During the nine months ended March 31, 2015, we entered into forward interest rate swaps with a total notional amount of $50 million to hedge probable, but not firmly committed, future transactions associated with our debt.
Also during the nine months ended March 2015, we terminated notional amounts of $875 million of pay-floating interest rate swaps in connection with the debt redemption in December 2014 described in our 2015 10-K. These swaps were previously designated as fair value hedges. As a result of this redemption, we also incurred a loss on the extinguishment of debt of $60 million ($37 million, net of tax), which included a make-whole premium of $80 million, write-off of $2 million of unamortized debt issuance costs, and an offsetting $22 million fair value adjustment to the respective debt related to previously terminated interest rate swaps.
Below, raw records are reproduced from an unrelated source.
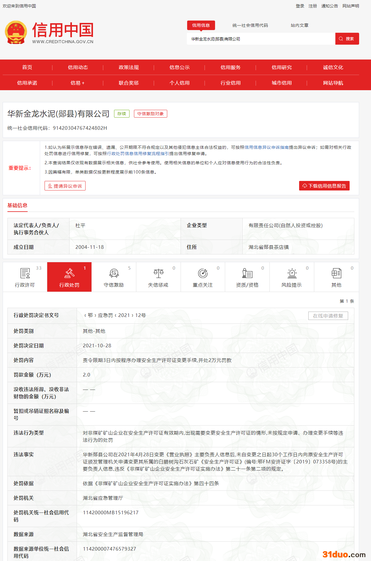 中国网财经12月15日讯 据信用中国网站消息,近日,湖北省应急管理厅网站发布公告称,对华新金龙水泥(郧县)有限公司(以下简称:“华新金龙水泥”)违反《非煤矿矿山企业安全生产许可证实施办法》的违规行为,作出行政处罚,责令限期3日内办理变更手续,并处2万元罚款。据企查查信息显示,华新金龙水泥为华新水泥股份有限公司(以下简称:“华新水泥”)旗下子公司。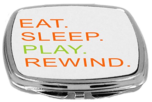 Rikki Knight Eat Sleep Play Rewind Orange & Green Design Compact Mirror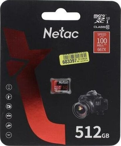 [Карта памяти ] Micro SecureDigital 512GB Netac microSDXC Class10 Netac [NT02P500PRO-512G-R] P500 Extreme Pro + adapter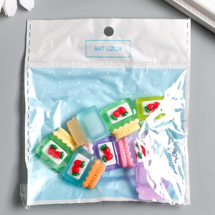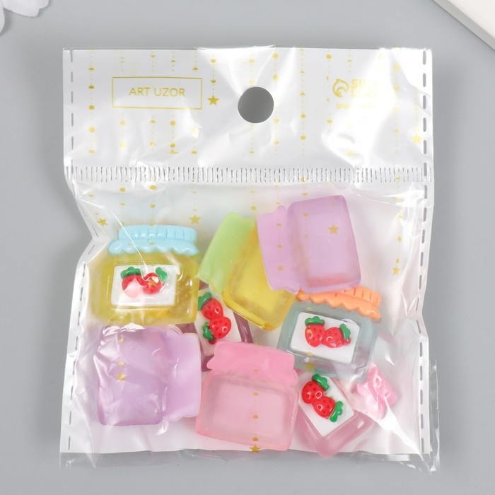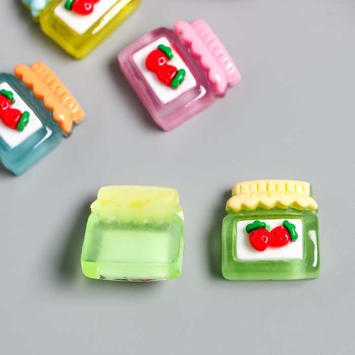 Декор для творчества пластик "Варенье клубничное в банке" набор 8 шт 2х2,1х0,7 см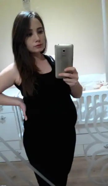 Bebisin hareketleri birkac gundur cok sakin. Minik minik ittiriyor. Onceden bam gum tepinirdi , yeri dar gelmeye basladi herhalde diye dusunuyorum. En son dogum pozisyonuna girmisti bas asagi.
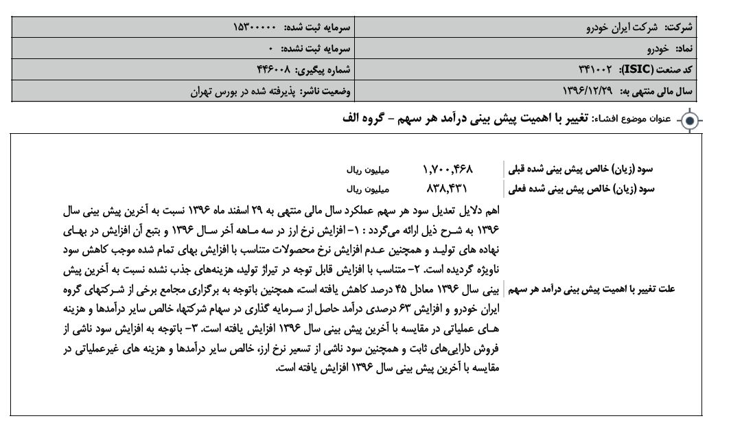به گزارش کدال نگر بورس٢۴، ایران خودرو در حالی بودجه خود را با تعدیل منفی سنگین ۵١ درصدی همراه ساخت که شرکت علل تعدیل منفی را افزایش نرخ ارز در سه ماهه آخر سال ١٣٩۶ و بتبع آن افزایش در بهای نهاده های تولید و همچنین عدم افزایش نرخ محصولات متناسب با افزایش بهای تمام شده موجب کاهش سود ناویژه گردیده است. ٢- متناسب با افزایش قابل توجه در تیراژ تولید، هزینه‌های جذب نشده نسبت به آخرین پیش بینی سال ١٣٩۶ معادل ۴۵ درصد کاهش یافته است، همچنین باتوجه به برگزاری مجامع برخی از شرکتهای گروه ایران خودرو و افزایش ۶٣ درصدی درآمد حاصل از سرمایه گذاری در سهام شرکتها، خالص سایر درآمدها و هزینه های عملیاتی در مقایسه با آخرین پیش بینی سال ١٣٩۶ افزایش یافته است. ٣- باتوجه به افزایش سود ناشی از فروش دارایی‌های ثابت و همچنین سود ناشی از تسعیر نرخ ارز، خالص سایر درآمدها و هزینه های غیرعملیاتی در مقایسه با آخرین پیش بینی سال ١٣٩۶ افزایش یافته است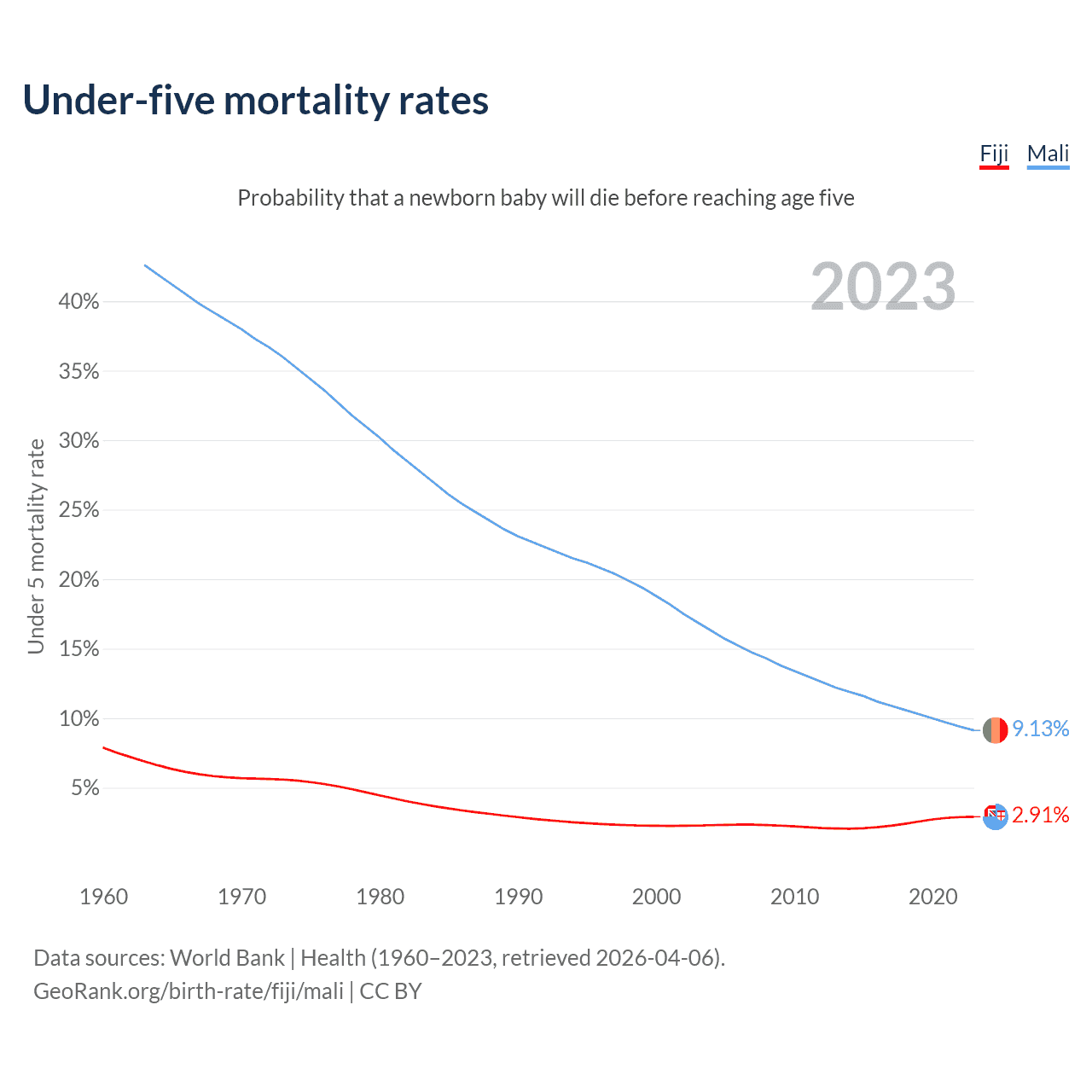 The chance that a newborn baby will die before reaching age five is 2.91% in Fiji and 9.13% in Mali. Above is a chart with historical data on under-five mortality rates.

Additionally, we terminated $350 million in forward interest rate swaps that were previously designated as cash-flow hedges.
Fair Value of Financial Instruments
The carrying amounts of cash and equivalents, trade receivables, net, accounts payable, and other accrued liabilities at March 31, 2016 and June 30, 2015 approximate fair value due to their short-term maturities.
The following table summarizes the estimated fair value of our long-term obligations and other short-term borrowings compared to the respective carrying amounts at:
(in millions)
March 31, 2016
 
June 30, 2015
Estimated fair value
$
5,758

 
$
5,521

Carrying amount
5,546

 
5,492


The fair value of our long-term obligations and other short-term borrowings is estimated based on either the quoted market prices for the same or similar issues or other inputs derived from available market information, which represents a Level 2 measurement.